SUPPLIED INFORMATION →
_ _ _ _ _ _ _

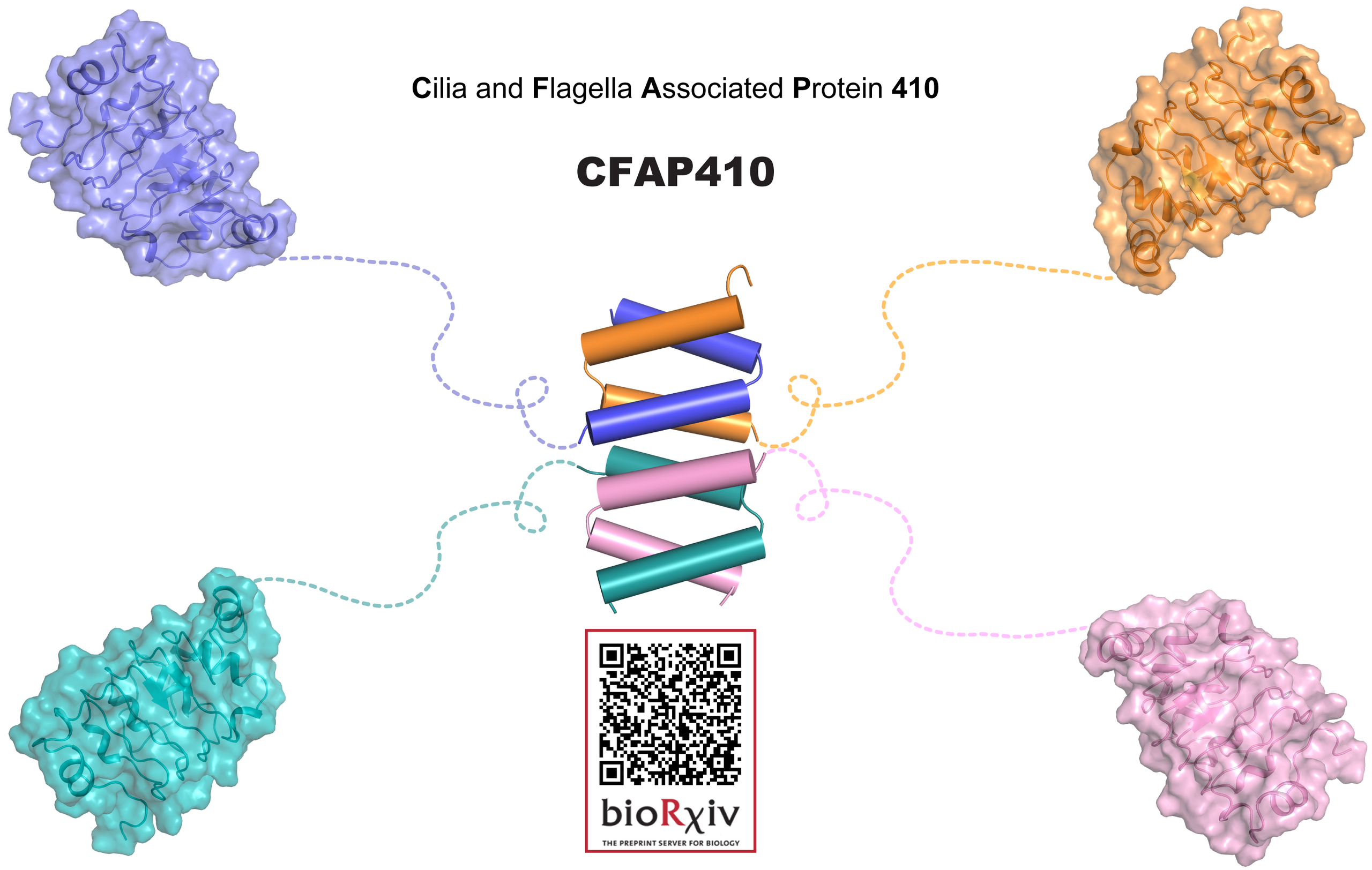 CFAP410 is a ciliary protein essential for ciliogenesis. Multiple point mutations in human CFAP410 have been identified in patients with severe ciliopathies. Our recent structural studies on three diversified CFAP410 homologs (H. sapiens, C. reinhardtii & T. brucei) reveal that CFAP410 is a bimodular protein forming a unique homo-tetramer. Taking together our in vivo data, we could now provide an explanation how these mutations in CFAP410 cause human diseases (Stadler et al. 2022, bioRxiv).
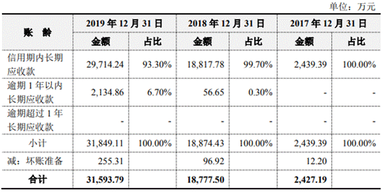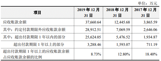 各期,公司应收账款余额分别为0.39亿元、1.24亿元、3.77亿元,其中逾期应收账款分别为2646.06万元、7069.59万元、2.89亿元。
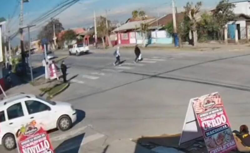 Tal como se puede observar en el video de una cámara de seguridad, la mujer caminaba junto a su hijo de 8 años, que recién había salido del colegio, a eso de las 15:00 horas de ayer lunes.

_ _ _ _ _ _ _

TASK →
Leaving all pictures aside, print exactly the lines from the one that contains "各期,公司应收账款余额分别为" through the last line of the data above, inclusive.

WRITTEN RESPONSE →
 各期,公司应收账款余额分别为0.39亿元、1.24亿元、3.77亿元,其中逾期应收账款分别为2646.06万元、7069.59万元、2.89亿元。
 Tal como se puede observar en el video de una cámara de seguridad, la mujer caminaba junto a su hijo de 8 años, que recién había salido del colegio, a eso de las 15:00 horas de ayer lunes.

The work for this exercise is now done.